If your hard drive shows a 5 or better, then that's expected/great.

If your hard drive shows a 2 or 3, then


http://blogs.msdn.com/e7/archive/2009/01/19/engineering...


Quote:
With respect to disk scores, as discussed in our recent post on Windows Performance, we’ve been developing a comprehensive performance feedback loop for quite some time. With that loop, we’ve been able to capture thousands of detailed traces covering periods of time where the computer’s current user indicated an application, or Windows, was experiencing severe responsiveness problems. In analyzing these traces we saw a connection to disk I/O and we often found typical 4KB disk reads to take longer than expected, much, much longer in fact (10x to 30x). Instead of taking 10s of milliseconds to complete, we’d often find sequences where individual disk reads took many hundreds of milliseconds to finish. When sequences of these accumulate, higher level application responsiveness can suffer dramatically.
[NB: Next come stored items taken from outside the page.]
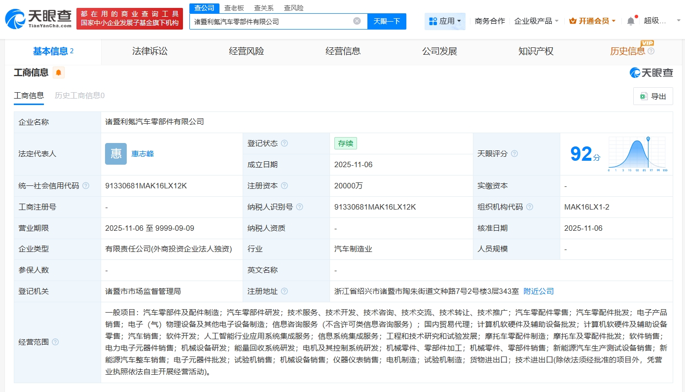 天眼查App显示,近日,诸暨利氪汽车零部件有限公司成立,法定代表人为惠志峰,注册资本2亿,经营范围包括汽车零部件及配件制造、汽车零部件研发、汽车零配件零售等。股东信息显示,该公司由利氪(浙江)科技有限公司全资持股。
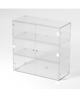 Grande vitrine en plexiglas transparent avec 3 étagères transparentes adaptées à l'exposition de divers articles.
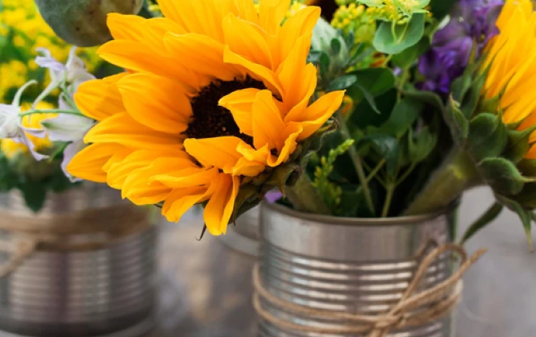 Aqui vai uma forma bem criativa de reaproveitamento: aquelas latas de achocolatado ou leite em pó podem virar um vaso lindo de flores! É só você tirar o rótulo e decorar com fitas ou papel adesivo.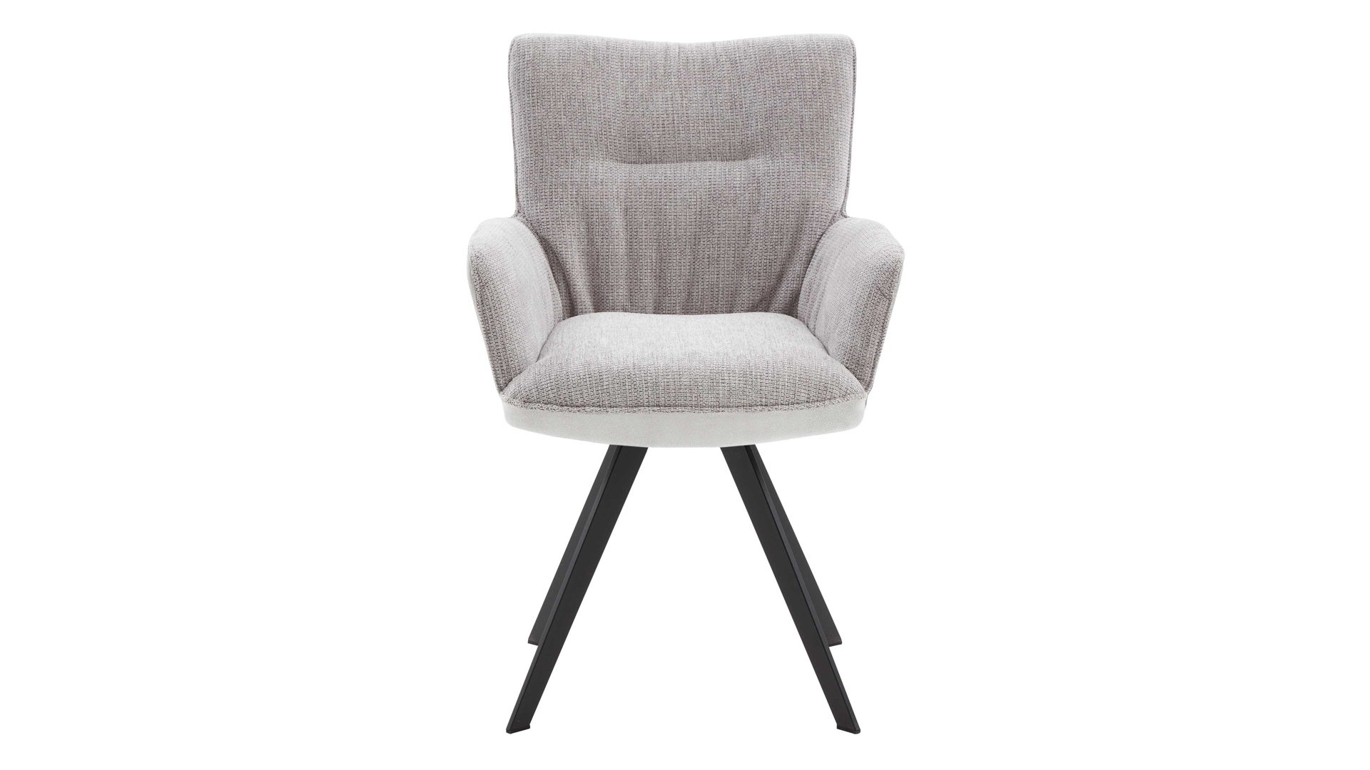 Der moderne Schalensessel 9222-04-959 aus der Interliving Esszimmer Serie 5111 kombiniert ein schwarzes Eisen-Stativgestell mit einer stilvollen platinfarbenen Bezugkombination.

With the problem recognized, we synthesized many of the I/O sequences and undertook a large study on many, many disk drives, including solid state drives. While we did find a good number of drives to be excellent, we unfortunately also found many to have significant challenges under this type of load, which based on telemetry is rather common. In particular, we found the first generation of solid state drives to be broadly challenged when confronted with these commonly seen client I/O sequences.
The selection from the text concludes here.